Dean could touch. Finally, tonight, he could touch all he wanted.
He parked a few spaces away and walked over to knock on his window. "Hey, baby," he said, and smiled when Cas's eyes went from startled to joyful in an instant. Cas threw the door open and grabbed him, spinning them around so Dean was crowded against the car, Cas’s hands tight on his waist.
"I missed you," Cas said, and kissed him, hard.
*******
God, he’d missed Dean. Their marathon New Year’s Eve kiss had only served to light a fire in Cas that had simmered for weeks like a low-grade fever. It was just so good to be in his arms again, to have that full mouth working against his. This beautiful, good man, his.
He thought of the Kafka quote tattooed up his right forearm: A book should be the ax for the frozen sea within us. Dean was that ax, his beauty a blade, crashing through Cas’s defenses—no, wait, fuck, he was doing it again.
He’s not a metaphor, he’s a man, he reminded himself sternly. Do him the courtesy of treating him like one.
Cas pulled back, leaving Dean gasping. “Hi,” he said. “We should probably get inside before I bend you over the hood of that behemoth of yours and ruin all our plans.”
“Right, yeah, definitely wanna avoid that horrible fate,” said Dean. “This place is ridiculous, dude! Old-timey one-percent, all the way. Have you stayed here before?”
“Nope. Never had a reason to stay overnight in this town. But you’re more than enough.”
Dean’s eyes flickered away, and Cas could almost see the gears turn, the internal struggle before he looked back at him and held his gaze. “Thanks, Cas.”
“You’re welcome. Happy birthday, Dean.”
Dean’s awe at his surroundings only continued as they wandered through the grand lobby and climbed the stairs to their room—the original master suite, still crammed with hardwood furniture, including a mammoth four-poster bed that sparked all sorts of ideas. “Dude!” Dean kept exclaiming. “Dude, there’s a fuckin’ pull chain on the toilet. We are gonna make some Victorians roll over in their graves tonight, Cas.”

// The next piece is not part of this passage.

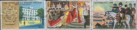 Frankreich hat wunderschöne Etiketten auf den Zündholzschachteln. Es gibt zahllose Serien über alle möglichen Themen; es ist eine Freude, diese zu sammeln. Nachstehend ist als Beispiel aus meiner Sammlung eine Etiketten - Serie über Napoleon mit dem dazu gehörenden Paketetikett abgebildet.

“You don’t think they would approve?” Cas teased.
“Not if we do it right.” Dean gave him a glance that could only be described as “smoldering,” and the simmer in Cas’s blood was suddenly in danger of boiling over.
“Should we—should we go get dinner? Cake—or, no, pie? Birthday pie?” he blurted, unable to stop staring.
Dean stalked—stalked, like a panther, across the room, backed Cas into the fireplace and pinned him with his hips. “I hate to use a line, Cas, but you know that’s not what I’m hungry for.”
Cas whimpered in the moment before their mouths collided.